RepromedaLab has contributed a new publication to the impacted peer-reviewed Journal of Assisted Reproduction. The article focuses on a new preimplantation genetic testing (PGT) method known as OneGene PGT. This method uses advanced next-generation sequencing (NGS) to diagnose monogenic diseases and aneuploidies in embryos reliably. OneGene PGT allows for a comprehensive genetic analysis of the embryo before its transfer to the uterus, enabling a decision on which embryo is accessible from the risk of congenital disease and has the highest potential to nest in the uterus.
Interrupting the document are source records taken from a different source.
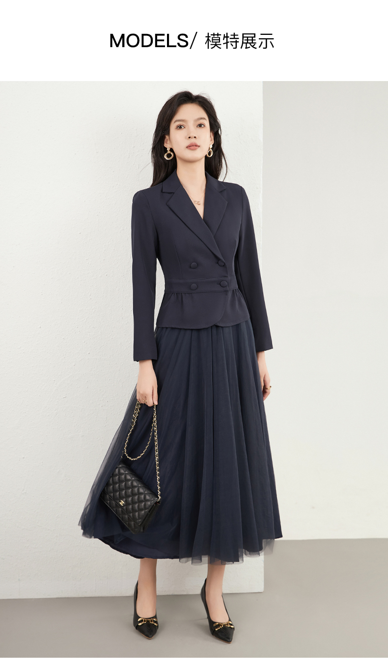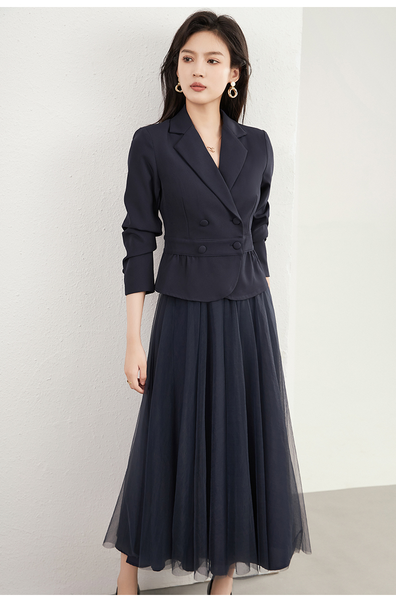 通勤氣質輕奢女裝修身西裝外套+網紗半身裙大擺裙套裝女秋冬新款
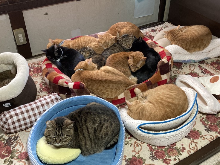今現在、私がお世話している頭数は55匹ですが、そのうちシェルターで保護猫としてお世話しているのは37匹で、残りの18匹は地域猫としてお外で市の登録を受けて管理している猫になります。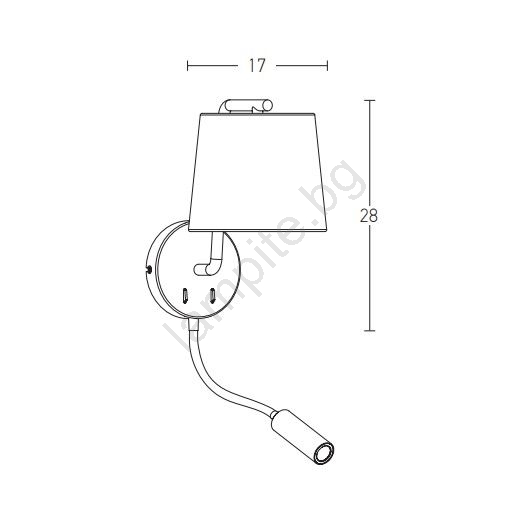 • Стенно осветително тяло с текстилен абажур (E27 - не е включена в комплекта) и гъвкава LED лампа за четене.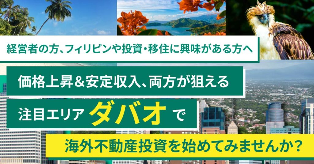 本記事では、成長前夜と言われるダバオで海外不動産投資を検討している方へ向けて、その魅力と具体的な成功戦略を徹底解説します。「絶好のチャンス」を見逃してしまう前に、ぜひ最後までご覧ください。
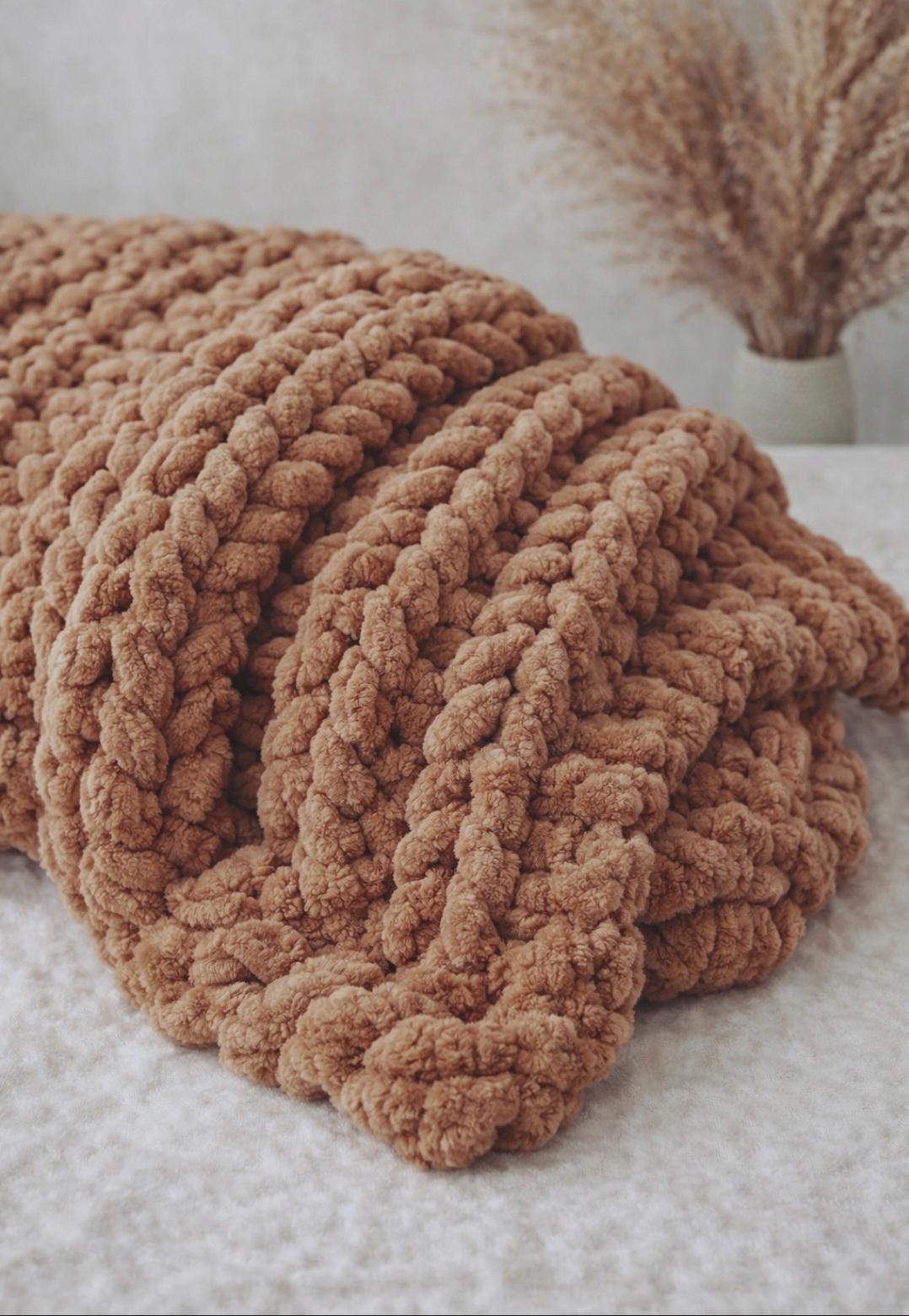 GRUBA Włóczka BLANKET 300g na KOC Chenille do robienia PALCAMI brąz 337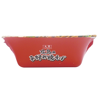 【原材料名】油揚げめん(小麦粉、植物油脂、食塩、ポークエキス、醤油)、糖類、キャベツ、あげ玉、醤油、野菜果実類、植物油脂、食塩、醸造酢、香辛料、七味唐辛子、酵母エキス、でん粉、オイスターエキス、かつお粉末、調味料(アミノ酸等)、酒精、炭酸Ca、増粘多糖類、カラメル色素、かんすい、酸化防止剤(ビタミンE、ビタミンC)、甘味料(ステビア、甘草)、ビタミンB1、ビタミンB2、(原材料の一部に、いか、りんごを含む)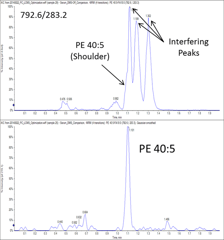 In addition to isobaric overlap, complex lipids have many of the same fragment ions due to there only being a discrete number of fatty acid species acylated to the lipid glycerol backbone. As a consequence, different lipid molecular species can have the same MRM transition, which leads to interfering peaks in the LC-MRM chromatogram and can cause significant problems in quantitation. The increasing demand for high throughput analysis with ultra-high-performance liquid chromatography (UHPLC) precludes the extended chromatographic run times needed to separate critical molecules.
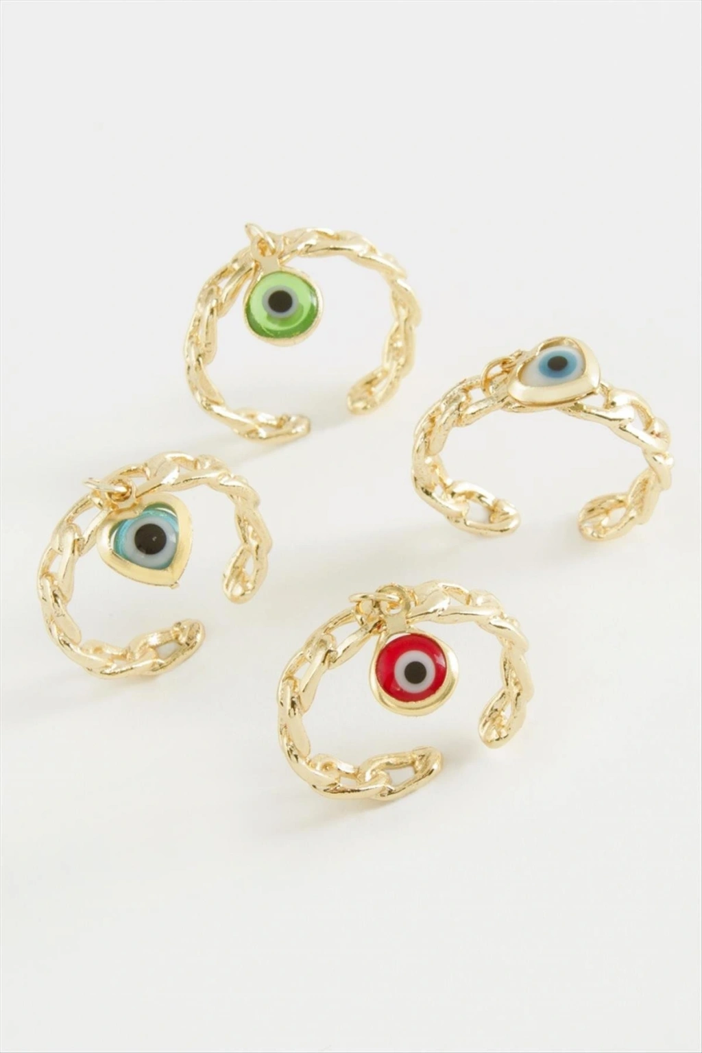 Yüzük; Ürün malzemesi metaldir. 1 sınıf kaliteli malzeme kullanılmıştır. Yüzük parmağa göre ayarlanabilir. Nazar figür renkleri asortilidir. Siparişlerinizde karışık olarak gönderilecektir.

The technique has been successfully validated and used for seven common monogenic diseases (cystic fibrosis, non-syndromic deafness, Fragility X, sickle cell anemia/beta-thalassemia, Huntington's disease and breast and ovarian cancer predisposition - BRCA1 and BRCA2 genes).
Further details of the method and its application and validation results are detailed in a publication (OneGene PGT: comprehensive preimplantation genetic testing method utilizing next-generation sequencing - PubMed (nih.gov). Advances in PGT-M are bringing hope to many couples who are trying to have a baby and face an increased risk of having offspring with an inherited genetic disease.
Our Director of Research and Development, Miroslav Hornak, authored the publication with contributions from the entire Molecular Genetics Laboratory staff.